Oleh karena itu, Manulife Aset melihat pasar obligasi tetap memiliki potensi, terutama jika inflasi AS turun dengan stabil sehingga FFR dapat diturunkan tahun ini, diiringi dengan stabilisasi Rupiah.
“Kami melihat skenario ini bukanlah sesuatu yang tidak mungkin. Berikutnya, kejelasan tentang outlook fiskal, anggaran APBN, dan kabinet ekonomi pemerintahan baru dapat menciptakan tambahan katalis bagi pasar obligasi ke depannya,” kata Laras.

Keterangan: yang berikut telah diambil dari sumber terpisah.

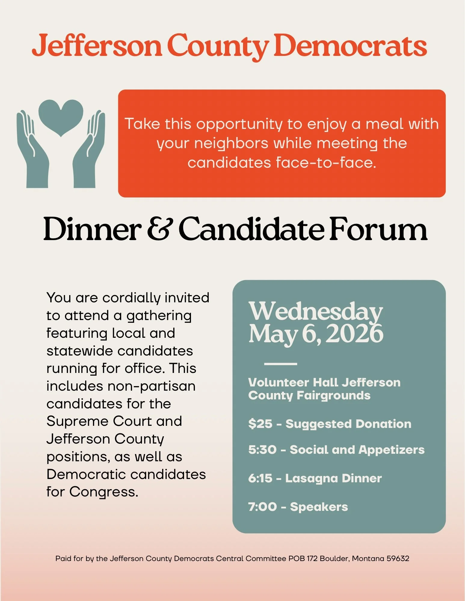 Join Jefferson County Democrats for a great evening! Social, dinner, and Democratic candidates!

Di tengah kondisi pasar yang masih bergejolak dan sensitif terhadap perubahan sentimen baik dari global maupun domestik, tingkat risiko portofolio sangat penting untuk dijaga oleh investor. Menerapkan diversifikasi pada portofolio investasi dapat menjadi salah satu strategi bagi investor dalam menjaga tingkat risiko investasi.
Menurut Laras, reksadana obligasi dapat dipertimbangkan oleh investor untuk memanfaatkan karakteristik defensif dari kelas aset obligasi. Kondisi imbal hasil obligasi yang tinggi saat ini dapat menjadi peluang bagi investor untuk mengunci yield di level yang menarik dan juga dapat menikmati potensi capital gain ketika suku bunga mulai beranjak turun.
“Kami melihat potensi pemangkasan suku bunga di tahun 2024 ini masih dapat terjadi, tentunya didukung dengan makroekonomi yang kuat serta rupiah yang stabil,” pungkas Laras.